This is a jupyter notebook example of how to load, process and plot data from a microbiome experiment using Calour.
In [1]:
import calour as ca
/Users/amnon/miniconda3/envs/calour/lib/python3.5/site-packages/h5py/__init__.py:36: FutureWarning: Conversion of the second argument of issubdtype from `float` to `np.floating` is deprecated. In future, it will be treated as `np.float64 == np.dtype(float).type`.
from ._conv import register_converters as _register_converters
can use:
The Calour default is warning (21)
In [2]:
ca.set_log_level(11)
In [3]:
%matplotlib notebook
For an amplicon experiment we use ca.read_amplicon()
First parameter is the location+name of the biom table file (can be hdf5/json/txt biom table - see here for details)
Second (optional) parameter is the sample mapping file locaion+name. First column should be the sample id (identical to the sample ids in the biom table). Rest of the column are information fields about each sample.
normalize=XXX : tells calour to rescale each sample to XXX reads (by dividing each feature frequency by the total number of reads in the sample and multiplying by XXX). Alternatively, can use normalize=None to skip normalization (i.e. in the case the biom table is already rarified)
min_reads=XXX : throw away samples with less than min_reads total (before normalization). Useful to get rid of samples with small number of reads. Can use min_reads=None to keep all samples.
See here for all possible parameters for read_amplicon()
We will use the data from:
Giloteaux, L., Goodrich, J.K., Walters, W.A., Levine, S.M., Ley, R.E. and Hanson, M.R., 2016.
Reduced diversity and altered composition of the gut microbiome in individuals with myalgic encephalomyelitis/chronic fatigue syndrome.
Microbiome, 4(1), p.30.
In [4]:
dat=ca.read_amplicon('data/chronic-fatigue-syndrome.biom',
'data/chronic-fatigue-syndrome.sample.txt',
normalize=10000,min_reads=1000)
2018-03-04 12:40:24 INFO loaded 87 samples, 2129 features
2018-03-04 12:40:24 WARNING These have metadata but do not have data - dropped: {'ERR1331814'}
2018-03-04 12:40:24 INFO After filtering, 87 remaining
In [5]:
print(dat)
AmpliconExperiment ("chronic-fatigue-syndrome.biom") with 87 samples, 2129 features
We throw away all features with total reads (over all samples) < 10 (after each sample was normalized to 10k reads/sample). So a bacteria present (with 1 read) in 10 samples will be kept, as well as a bacteria present in only one sample, with 10 reads in this sample. Note alternatively we could filter based on mean reads/sample or fraction of samples where the feature is present. Each method filters away slightly different bacteria. See filtering notebook for details on the filtering functions.
In [6]:
dat=dat.filter_abundance(10)
2018-03-04 12:40:30 INFO After filtering, 1100 remaining
Features are clustered (hierarchical clustering) based on euaclidian distance between features (over all samples) following normalizing each feature to mean 0 std 1. For more details and examples, see sorting notebook or cluster_features documentation
In [7]:
datc=dat.cluster_features()
2018-03-04 12:40:30 INFO After filtering, 1100 remaining
Note that order within each group of similar value is maintained. We first sort by physical functioning, then sort by the disease state. So within each disease state, samples will still be sorted by physical functioning.
In [8]:
datc=datc.sort_samples('Physical_functioning')

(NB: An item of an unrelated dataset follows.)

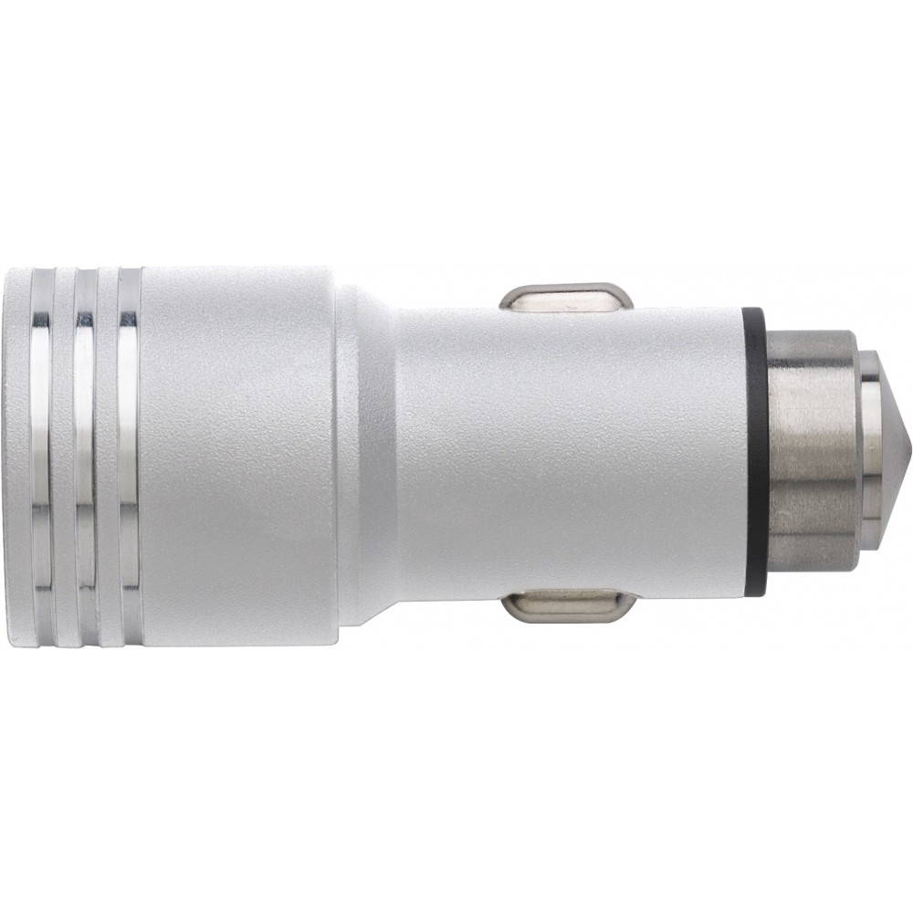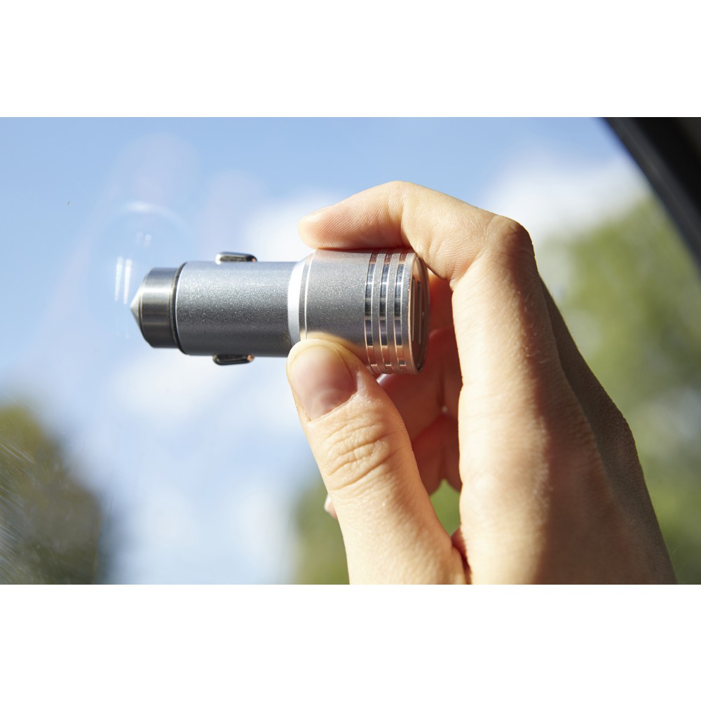 Autós adapter 2 USB kimenettel és vészhelyzeti ablalktörésre alkalmas véggel. Bemenet: DC 12-24V, kimenet: DC 5V/2.4A. Műanyag. Emblémázás: Gravírozás, Tamponnyomás

datc=datc.sort_samples('Subject')
Columns (x-axis) are the samples, rows (y-axis) are the features. We will show on the x-axis the host-individual field of each sample.
we will use the jupyter notebook GUI so we will see the interactive plot in the notebook. Alternatively we could use the qt5 GUI to see the plot in a separate standalone window.
A few cool things we can do with the interactive plot:
See here for more details
In [9]:
datc.plot(sample_field='Subject', gui='jupyter')
Out[9]:
<calour.heatmap.plotgui_jupyter.PlotGUI_Jupyter at 0x1093a7630>
Now let’s add the values of the “Sex” field into the xbar on top First we’ll also sort by sex, so values will be continuous (note we then sort by the disease state to get the two groups separated).
In [10]:
datc=datc.sort_samples('Sex')
datc=datc.sort_samples('Subject')
In [11]:
datc.plot(sample_field='Subject', gui='jupyter',barx_fields=['Sex'])
Out[11]:
<calour.heatmap.plotgui_jupyter.PlotGUI_Jupyter at 0x1a19dacc50>
Let’s look for bacteria separating sick from healthy We ask it to find all bacteria significantly different between samples with ‘Control’ and ‘Patient’ in the ‘Subject’ field.
By default calour uses the mean of the ranks of each feature (over all samples), with dsFDR multiple hypothesis correction.
For more information, see notebook and function doc
In [12]:
dd=datc.diff_abundance(field='Subject',val1='Control',val2='Patient', random_seed=2018)
2018-03-04 12:40:36 INFO 87 samples with both values
2018-03-04 12:40:36 INFO After filtering, 1100 remaining
2018-03-04 12:40:36 INFO 39 samples with value 1 (['Control'])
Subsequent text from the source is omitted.